NowThis is feeling the “bern.”
The digital startup, which recently ditched its homepage in favor of distributing bite-sized pieces of news through its app and platforms, didn’t go the traditional route when it scored an interview with Democratic presidential hopeful Bernie Sanders in early September.
Instead, NowThis applied its cross-platform approach to the interview with the Vermont senator to massive results. NowThis shot its interview with the Vermont senator and tailored the short op-ed style clips depending on the platform they were intended for, making it the first-ever cross platform interview of a presidential candidate.
NowThis crowdsourced its questions from social media and focused on topics that are important to its millennial audience, like his affordable college plan and gun control.
The interview was disseminated across five social networks (Facebook, Tumblr, Snapchat, Twitter, Vine and Instagram), garnering more than 15 million total views in 10 days.

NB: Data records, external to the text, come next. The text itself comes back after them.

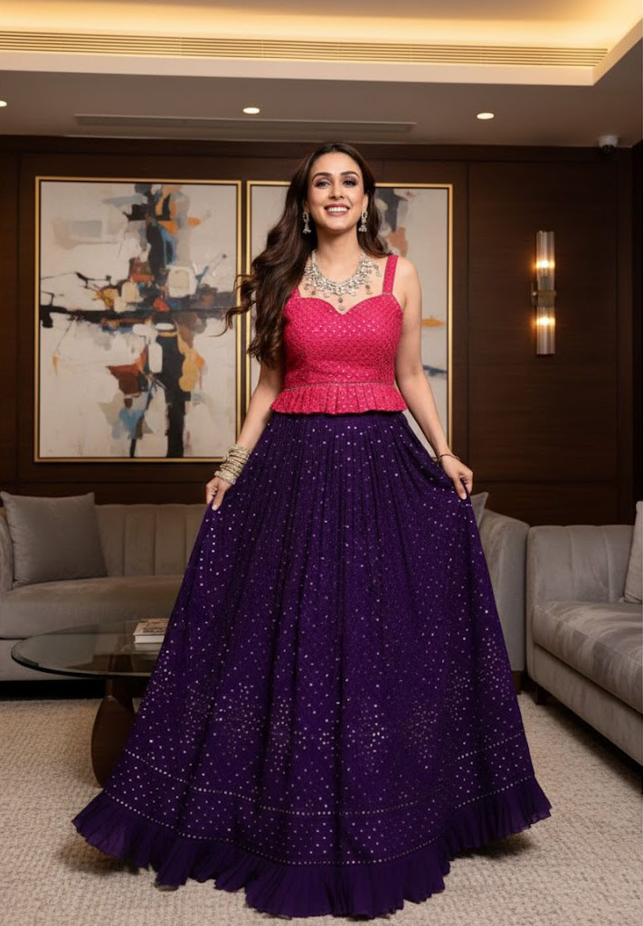 Women's Purple Faux Georgette 3MM Sequins with Thread Embroidered Lehenga Choli with Dupatta
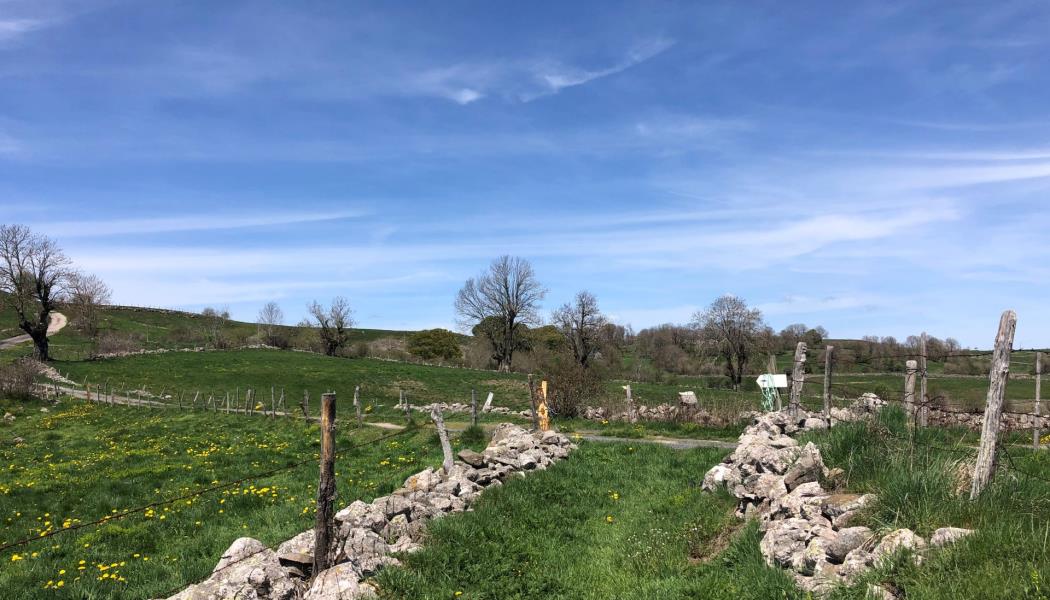 Quelques enjambées sur le célèbre chemin de Saint-Jacques de Compostelle, d'autres sur dans le domaine boisé du Fer à Cheval et évidemment des tronçons sur des drailles à travers pâturages: un combo 100% Aubrac!
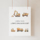 Accueillez vos invités avec un panneau de bienvenue moderne représentant des camions de construction aquarelle et une typographie noire simple. Une façon élégante de définir le ton pour la fête de votre petit constructeur.
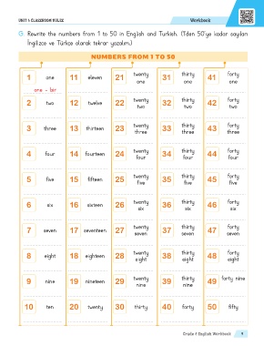G. Rewrite the numbers from 1 to 50 in English and Turkish. (1’den 50’ ye kadar sayıları
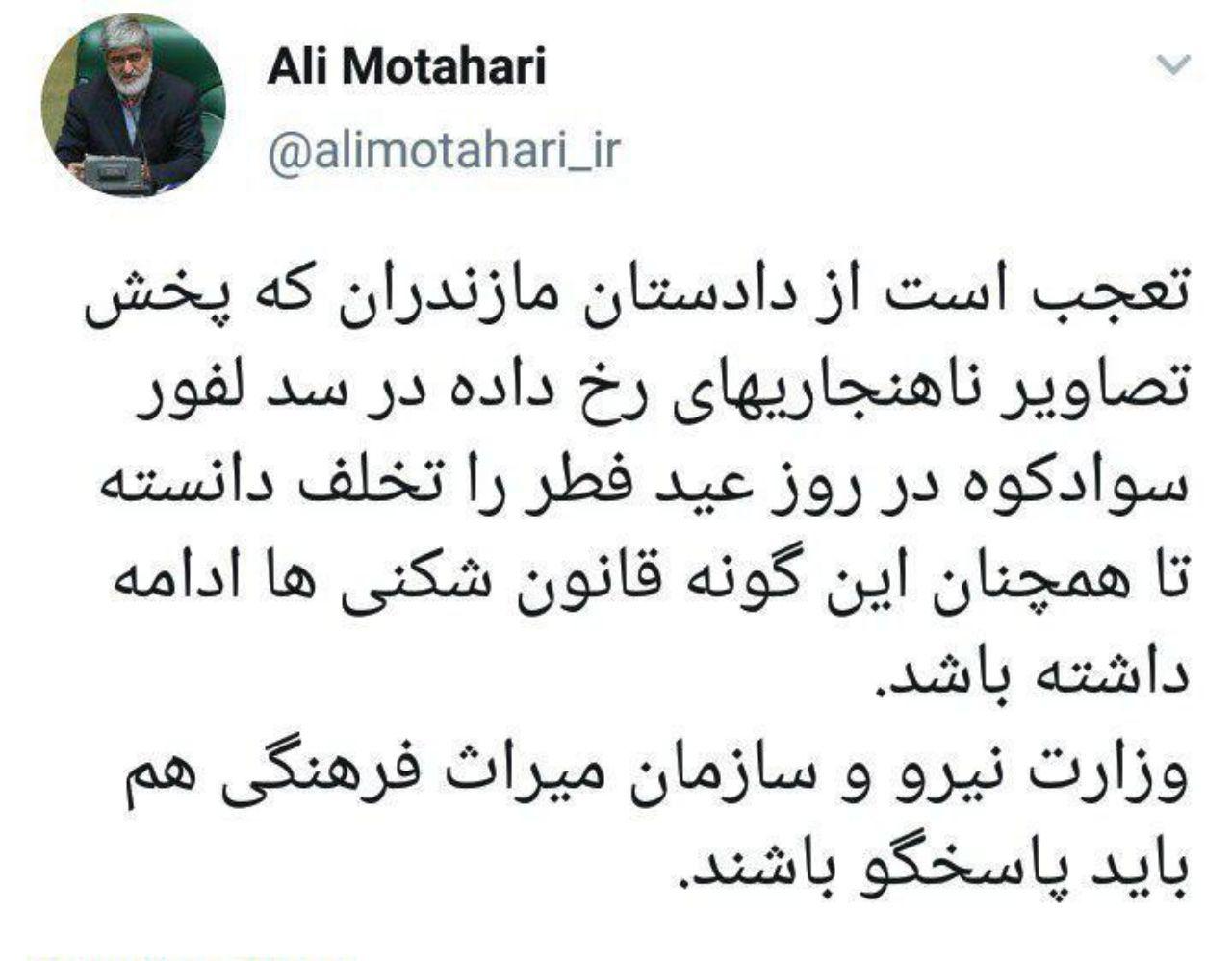 نظر علی مطهری درباره انتشار عکس گردشگران بدون حجاب در سد لفور مازندران
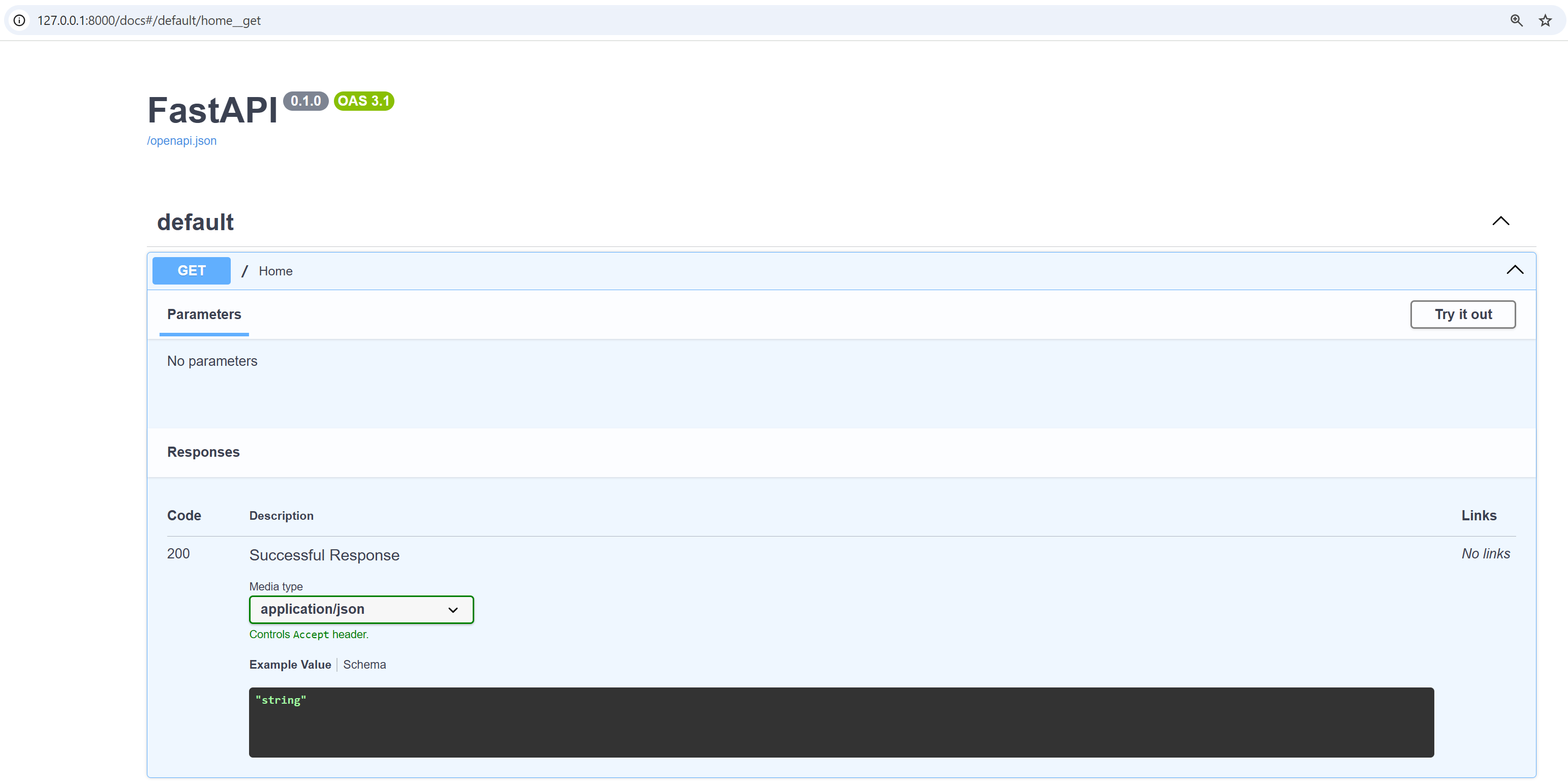 If you attach /docs to the url, you will see the auto documentation of your service (endpoints) provided to you from FastAPI. There you can try out the different endpoints you developed. For now, we will only see our home endpoint:
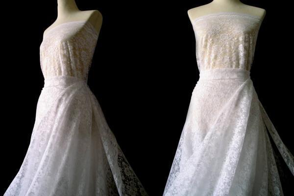 写真について | 1枚目はドレス風にトルソーに掛けて撮影 2枚目は生地目のアップです 3枚目以降は透け感や柄の大きさがわかるように撮影 ロール巻きからカットしてタタミでお送りします |
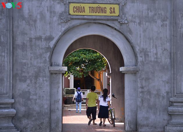 Para utusan ketika mengunjungi Truong Sa, sering datang ke pagoda untuk minta batu kecil dengan cap pagoda sebagai benda kenang-kenangan |
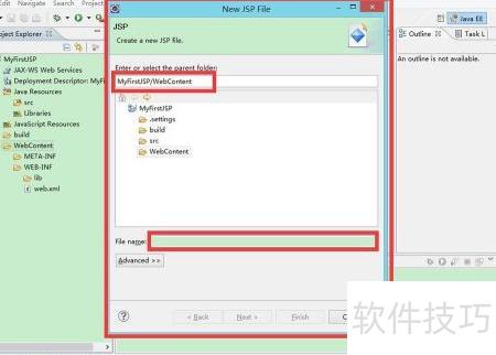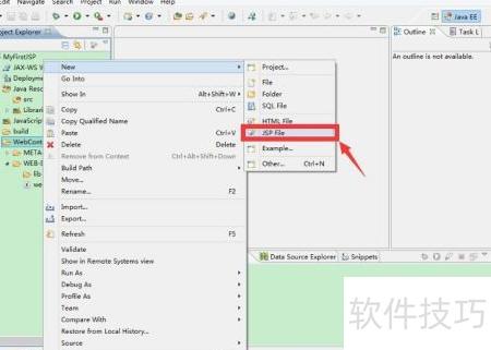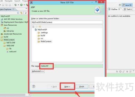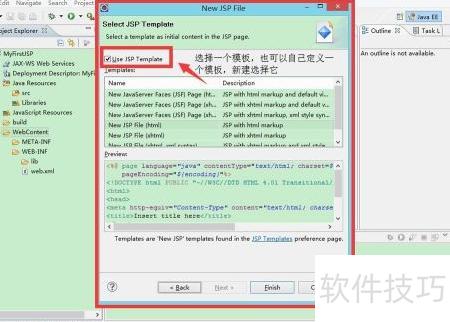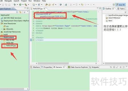 5、 接下来,根据图示创建第一个名为HelloJSP的JSP文件。通常情况下,使用默认模板即可,除非已自定义模板。创建完成后,该文件将显示在Eclipse主界面中,文件名为HelloJSP.jsp。此时可清晰看到之前设定的默认编码格式与字体大小均已生效,页面呈现效果符合初始配置,便于后续开发与调试,整个过程简洁直观,便于快速上手JSP开发。
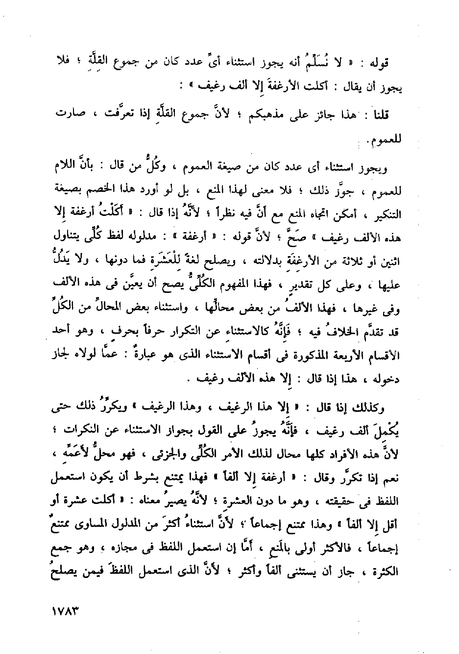 ويجوز استثناء أي عدد كان من صيغة العموم، وكل من قال: بأن اللام للعموم، جوز ذلك؛ فلا معنى لهذا المنع، بل لو أورد هذا الخصم بصيغة التنكير، أمكن اتجاه المنع مع ان فيه نظرا؛ لأنه إذا قال: " أكلت أرغفة إلا هذا الألف رغيف " صح؛ لأن قوله: (أرغفة): مدلوله لفظ كلي يتناول اثنين أو ثلاثة من الأرغفة بدلالته، ويصلح لغة للعشرة فما دونها، ولا يدل عليها، وعلى كل تقدير، فهذا المفهوم الكلي يصح أن يعين في هذه الألف وفي غيرها، فهذا الألف من بعض محالها، واستثناء بعض المحال من الكل قد تقدم الخلاف فيه؛ فإنه كالاستثناء عن التكرار حرفا بحرف، وهو أحد الأقسام الأربعة المذكورة في أقسام الاستثناء الذي هو عبارة: عما لولاه لجاز دخوله، هذا إذا قال: إلا هذه الألف رغيف.

Using a “platform appropriate approach,” NowThis’ svp strategy and partnerships Athan Stephanopoulos told Digiday they edited the videos to pop depending on the platform.
For example, NowThis published six videos on Facebook averaging about a minute and a half in length. The most popular was Sanders discussing his college plan video racked up 8 million views with a whopping 204,000 shares. Aside from that outlier, the videos on Facebook raked in between 400,000 and 2.4 million views.
Stephanopoulos said that a “policy-driven question” works on Facebook, adding that it was a “strong signal that our audience wants to know about these key issues and will actually engage with it.”
On NowThis’ Instagram, which has 164,000 followers, a 15-second clips discussing his college plan collected 1,300 likes. Here’s what it looks like:
You overwhelmingly wanted to know what Bernie Sanders’ plan is to make college affordable, and here it is. The Senator is introducing legislation next month to make it free—paid for by taxes on Wall Street. In our exclusive interview, Sanders explained why the current cost of education in America is “crazy and unfair” and how he plans to solve it specifically. Check out our Facebook and Snapchat for more of our weekday with Bernie.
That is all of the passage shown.